Las aflicciones de cuatro adolescentes en la postguerra

Cada uno arrastra sus preocupaciones, sus sueños y sus pequeñas angustias:

Andrés ejerce de botones en un hotel, pero su ambición es el toreo. Procura conocer a los maestros y relacionarse con las gentes del oficio. Por eso un día decide que saltará a la plaza como espontáneo para que se fijen en él.

El Chispa atiende el kiosco de su padre, un hombre con una dolencia en la pierna que, antes de su intervención quirúrgica, deja todo arreglado para que el muchacho se quede con el puesto de venta si él no sale vivo del quirófano. A pesar de su conducta campechana, no parece un tipo feliz por esa servidumbre continua hacia el negocio. Y está secretamente enamorado de la hermana de Carlos.

Carlos, al contrario que sus amigos, no trabaja: estudia. Eso le impide, algunas noches, salir con ellos a divertirse. Por si fuera poco, tiene encima de él a un padre autoritario, sólo preocupado por abroncarle. Al estudiante le obsesiona su vecina, una vedette de revista o espectáculo de variedades, que simboliza el deseo sexual.  

El Negro trabaja de mecánico en un taller. Su madre (interpretada por María Luisa Ponte) está separada y mantiene una relación con otro hombre, lo que angustia a su hijo hasta el punto de espiarles en la calle y seguir sus pasos para averiguar dónde pasan las tardes.

Entre reuniones, tardes de estudio y horas de trabajo, los chicos tratan de sobrellevar la grisura de la época como pueden: intentando ir al cine, a los toros y a las ferias y citándose con chicas. No hay más. No había mucho más, entonces. Salen con ellas, bailan el chotis, beben cervezas y refrescos, fuman pitillos. Se mueven por el barrio de Salamanca de Madrid y a veces recorren otros distritos de la ciudad.

 

Los chicos retrata una época difícil donde, además de las represiones y la dictadura, imperaban un machismo férreo y una conducta paternalista y patriarcal que volvía todo más asfixiante. Esto desemboca en contradicciones difíciles de aceptar ahora. Por ejemplo, en una de las secuencias más notables Ferreri nos muestra a los chavales acercándose a uno de los cines de Callao para ver una película protagonizada por Sofía Loren. En la fachada ven un aviso que dice “SÓLO PARA MAYORES”. Tras comprar las entradas, el portero les impide pasar porque no cumplen la edad requerida. El Negro dice: “Nosotros leemos y trabajamos, ¿es que no podemos ir al cine?”. Ésta es la contradicción: no podían entrar al cine porque eran menores, pero ser menores no les impedía emplearse en kioscos, talleres y hoteles.

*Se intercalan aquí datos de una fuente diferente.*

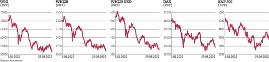Od około połowy czerwca notowania WIG20 poruszały się w głównie w bok, w zakresie szerokim na około 100 pkt. Druga połowa sierpnia przynosi zakończenie przewlekłego trendu bocznego, jednak zapewne nie takie, jakiego życzyliby sobie inwestorzy. WIG20 zniżkując w piątek o 1,79 proc., dotarł do dołka z lipca w okolicach 1600 pkt, a w poniedziałek od pierwszego dzwonka obserwowaliśmy kontynuację wyprzedaży. Po dwóch kwadransach indeks dużych spółek zniżkował do 1553 pkt, co oznaczało zniżkę o ponad 3 proc. Po pierwszej godzinie handlu WIG20 tracił około 2,1 proc., pozostając tuż nad minimami dnia. Kolejne godziny przyniosły kontynuację handlu w tych okolicach. Na czerwono wystartowały indeksy w całej Europie, co było reakcją inwestorów na zapowiedzi przedstawicieli banków centralnych, dotyczących tempa zacieśniania polityki monetarnej. – Ostatnie komentarze decydentów z banku centralnego USA zwiększyły obawy przed agresywnymi działaniami w celu stłumienia inflacji w obliczu rosnącego ryzyka recesji – wskazywał Michał Pietrzyca, analityk DM BOŚ.
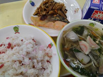 梅ご飯 鮭の西京焼き 切り干し大根含め煮 沢煮椀 牛乳
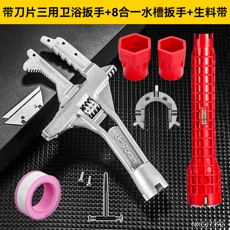 卫浴扳手【带刀片】+水槽扳手+生料带
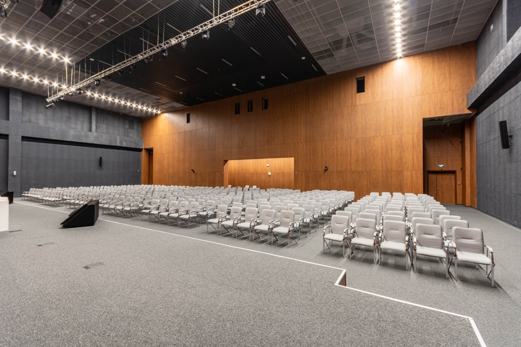 - Второй этаж. Здесь находится деловое пространство, включающее в себя модульный павильон «Немчинов холл» площадью 3400 м2 и конференц-зал «Мичурин» вместимостью до 450 человек[2].
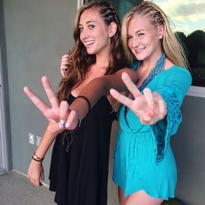 Very flowy, low cut in front so you could definitely wear a Bralette 💙 lace on the wrists😍 can fit a 4-6. Brand is Dee Elle. I got it from a fancy boutique and wore it once☺️ too small for me now
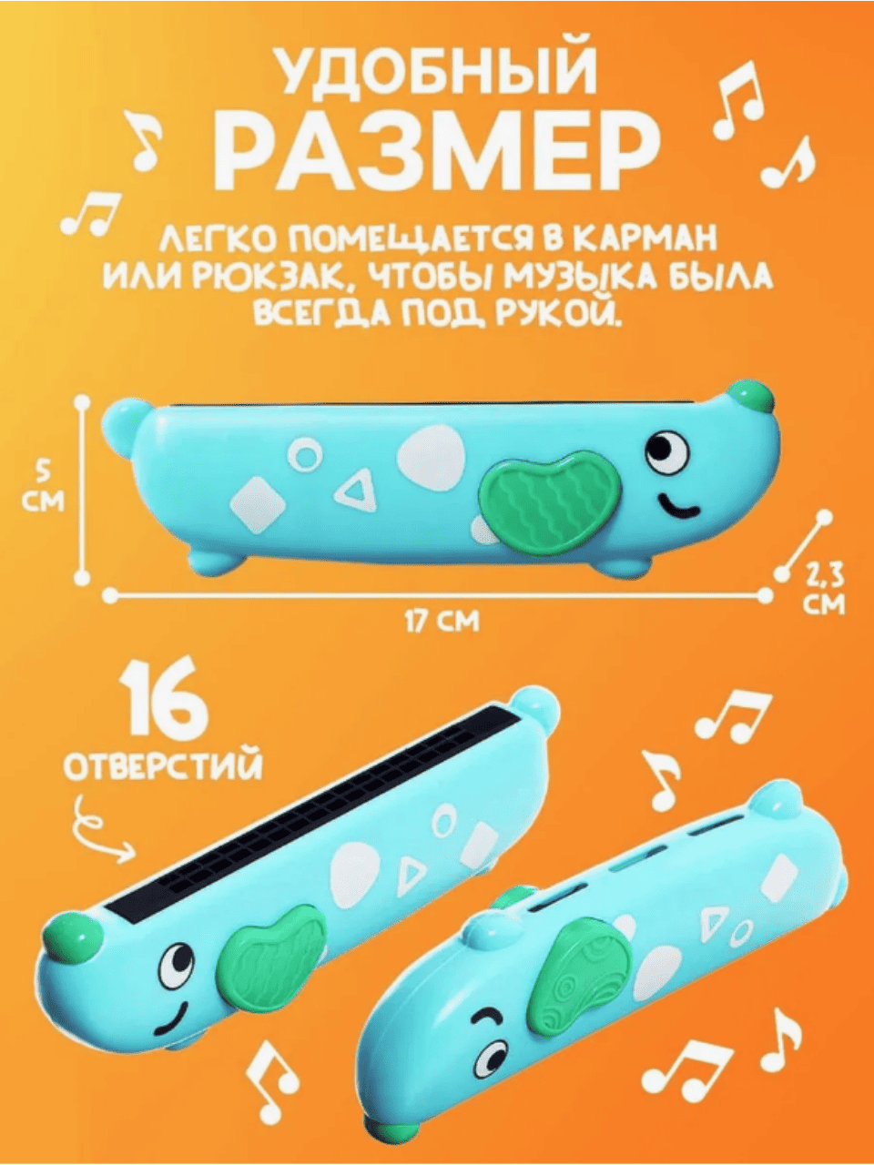 Игра на губной гармошке развивает дыхание, координацию и слуховое восприятие. Это отличный способ заинтересовать ребёнка музыкой без сложных инструментов и сложных нот. Такой инструмент станет чудесным подарком для юных исследователей звуков и ритмов!

El entusiasmo narrativo de Ferreri

Durante 80 minutos asistimos a ese despliegue de costumbres urbanas, de sueños que no se cumplen o se cumplen a medias, de criadas que tienen que llevarse a los bebés porque sus progenitores no aguantan que lloren en la mesa, de hombres de gesto hosco y modales bruscos, de señoras que se quejan de sus sirvientas, de carniceras que abofetean a sus hijas tras el mostrador y delante de la clientela…

Una atmósfera deprimente. Pero lo interesante de Los chicos es que Ferreri la dirige con entusiasmo, casi como si fuera una comedia amarga, sin abandonar la esperanza. Puede que por eso tengan una presencia constante las películas y las mujeres en las vidas de estos muchachos: las únicas tablas de salvación, los únicos alivios junto a la feria y los bares. En el kiosco del Chispa siempre vemos, de fondo, numerosas revistas de cine (Fotogramas entre ellas). Uno de ellos está obsesionado con Sofía Loren. Y vemos un par de salas por fuera, sea porque los personajes pasan por delante de sus fachadas o por el intento frustrado de entrar al pase de noche. Y luego están las chicas: con las que quedan y con las que no se atreven a citarse (la vedette, por ejemplo, mayor que Carlos y con novio).

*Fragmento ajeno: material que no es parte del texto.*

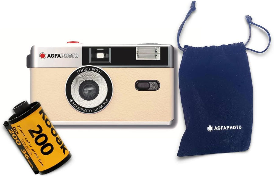AgfaPhoto analoge 35mm Foto Kamera Set (Color Film + Batterie) BEIGE Kamera + Film Color Kamera + Fi
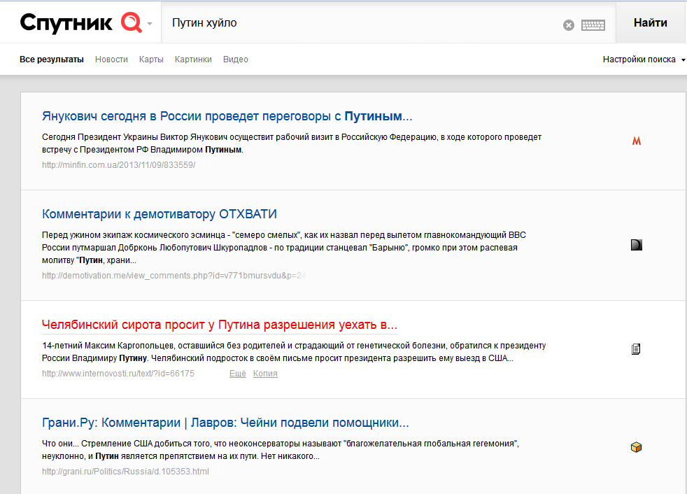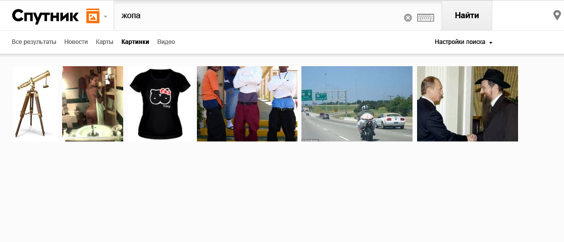 Очень удивлён и рад за них, что они вообще запустили поисковик. Был уверен, что это очередной 100%-ый попил, а у них кое-что всё-таки работает. Правда, я посмотреть не могу, но судя по этому треду и по обсуждениям на хабре, худо-бедно "Спутник" что-то ищет.
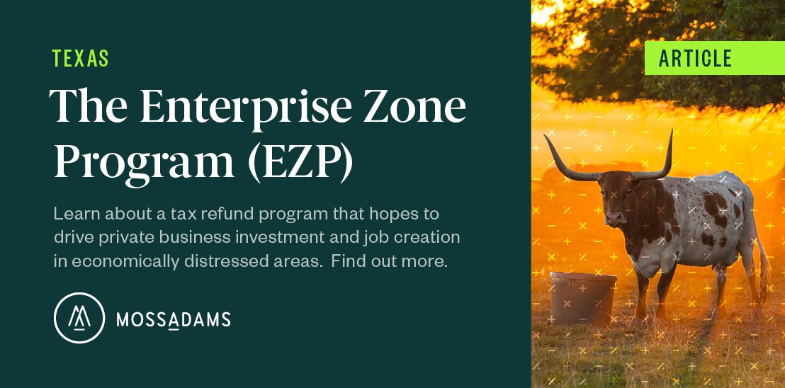 Contact your Moss Adams professional if you have questions about enterprise zones, specifically site selection projects or how to align your business expansion strategy with incentives such as enterprise zone benefits.
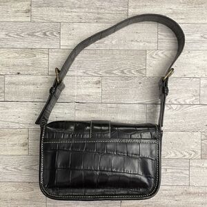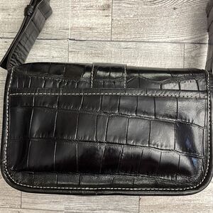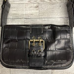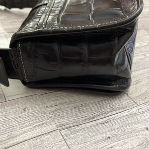 Vintage Hype Black Embossed Leather Bag. Front flap magnetic closure with inside zip pocket, backside pocket. Excellent condition with very minor signs of wear that comes with age on a vintage item. Dust bag included. Measures 8.5” x 5.5” x 3.5” with a strap drop of 10”. Adjustable strap can be adjusted up to another 2”
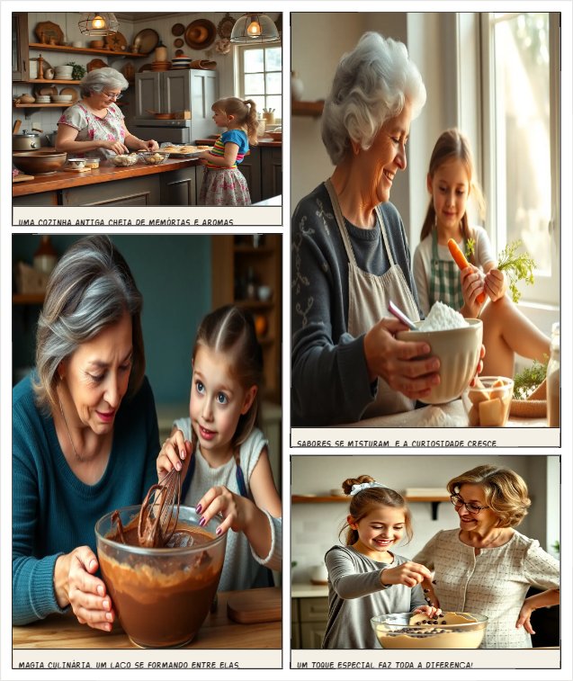 Uma avó trabalhando na cozinha, com decoração antiga, ,fazendo com a neta um bolo de chocolate com cenoura.
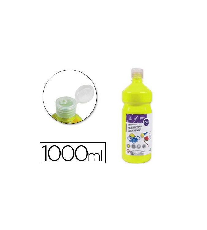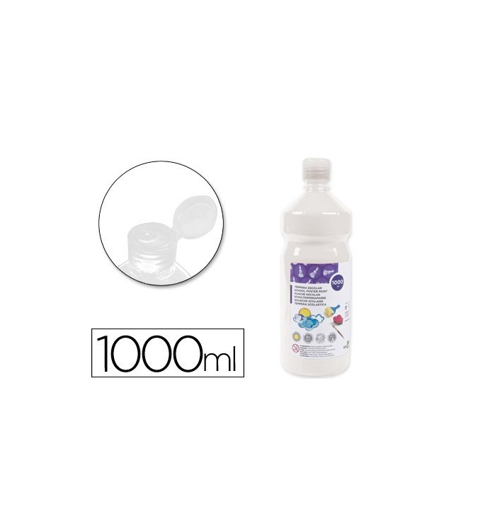 Témpera escolar lista para usar. Ideal para uso escolar. Adecuada a partirde los 3 años de edad. Super lavable. Con cierre de seguridad. Colores brillantes. 1000 ml. |

Si alguien espera que al final suceda un desenlace típico o que Ferreri nos arroje una moraleja, se llevará un chasco. Los chicos termina con una estampa de la ciudad en una tarde de lluvia. Los chavales no han resuelto sus cuitas. De momento no han cumplido sus sueños. Todo sigue igual. Nada cambia. La vida gris continúa.